* _GIVEN MATERIAL_
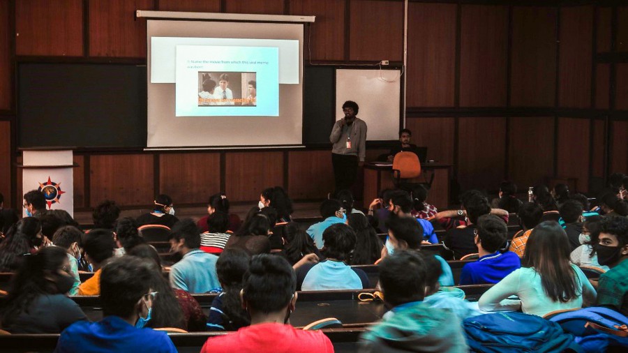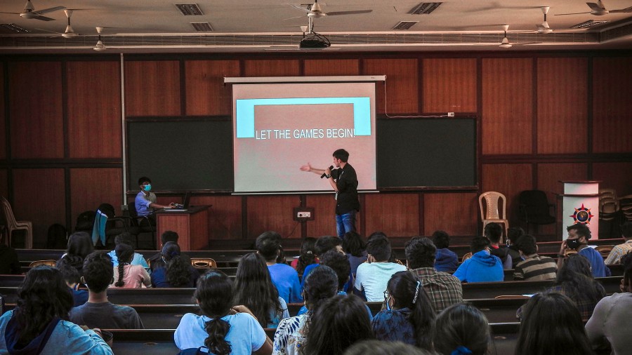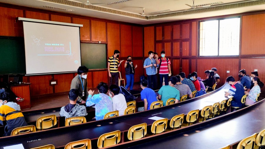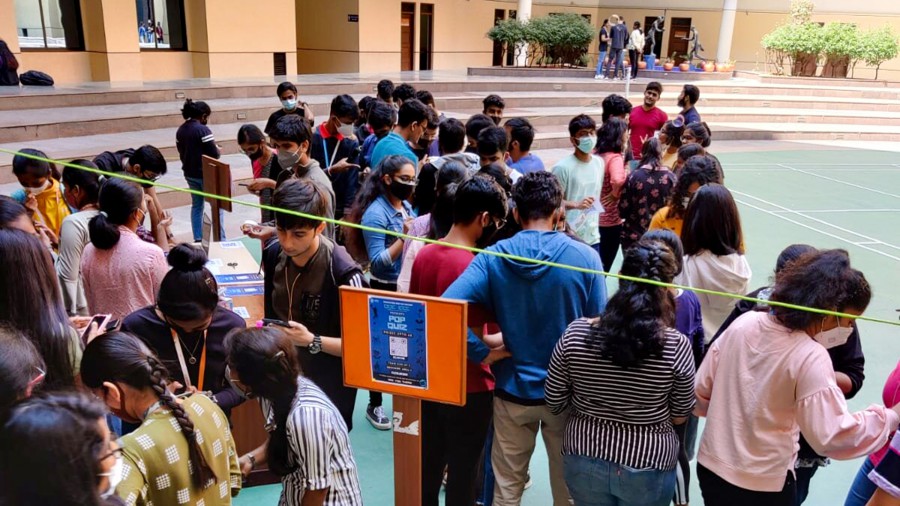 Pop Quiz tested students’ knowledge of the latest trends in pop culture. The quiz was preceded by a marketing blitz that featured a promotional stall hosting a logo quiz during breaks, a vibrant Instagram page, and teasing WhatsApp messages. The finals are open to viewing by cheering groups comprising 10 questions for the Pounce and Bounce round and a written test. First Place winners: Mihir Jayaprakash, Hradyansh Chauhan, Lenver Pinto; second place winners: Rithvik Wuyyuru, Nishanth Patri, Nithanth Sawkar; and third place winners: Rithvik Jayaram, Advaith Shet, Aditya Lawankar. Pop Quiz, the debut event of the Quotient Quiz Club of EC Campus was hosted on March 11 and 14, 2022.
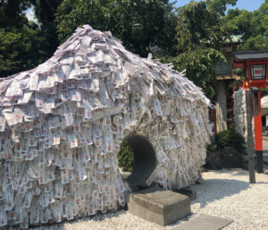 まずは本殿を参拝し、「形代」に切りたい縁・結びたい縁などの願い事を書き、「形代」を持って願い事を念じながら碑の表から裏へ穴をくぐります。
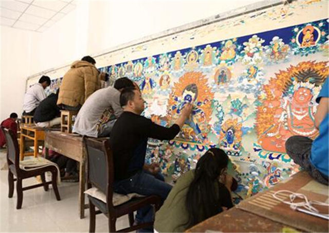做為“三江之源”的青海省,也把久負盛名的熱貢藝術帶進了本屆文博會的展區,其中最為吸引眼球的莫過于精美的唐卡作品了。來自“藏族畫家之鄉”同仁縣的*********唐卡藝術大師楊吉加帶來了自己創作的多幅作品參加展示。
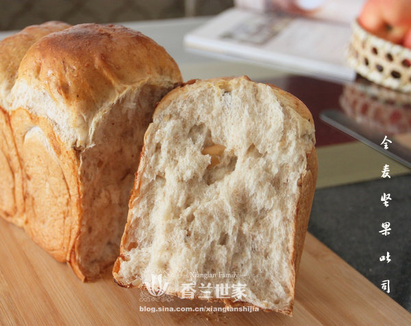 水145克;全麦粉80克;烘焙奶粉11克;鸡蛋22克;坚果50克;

* _WHAT YOU NEED TO DO_
All of the material above needs to be restated exactly, with no pictures.

* _FINISHED EXERCISE_
 Pop Quiz tested students’ knowledge of the latest trends in pop culture. The quiz was preceded by a marketing blitz that featured a promotional stall hosting a logo quiz during breaks, a vibrant Instagram page, and teasing WhatsApp messages. The finals are open to viewing by cheering groups comprising 10 questions for the Pounce and Bounce round and a written test. First Place winners: Mihir Jayaprakash, Hradyansh Chauhan, Lenver Pinto; second place winners: Rithvik Wuyyuru, Nishanth Patri, Nithanth Sawkar; and third place winners: Rithvik Jayaram, Advaith Shet, Aditya Lawankar. Pop Quiz, the debut event of the Quotient Quiz Club of EC Campus was hosted on March 11 and 14, 2022.
 まずは本殿を参拝し、「形代」に切りたい縁・結びたい縁などの願い事を書き、「形代」を持って願い事を念じながら碑の表から裏へ穴をくぐります。
做為“三江之源”的青海省,也把久負盛名的熱貢藝術帶進了本屆文博會的展區,其中最為吸引眼球的莫過于精美的唐卡作品了。來自“藏族畫家之鄉”同仁縣的*********唐卡藝術大師楊吉加帶來了自己創作的多幅作品參加展示。
 水145克;全麦粉80克;烘焙奶粉11克;鸡蛋22克;坚果50克;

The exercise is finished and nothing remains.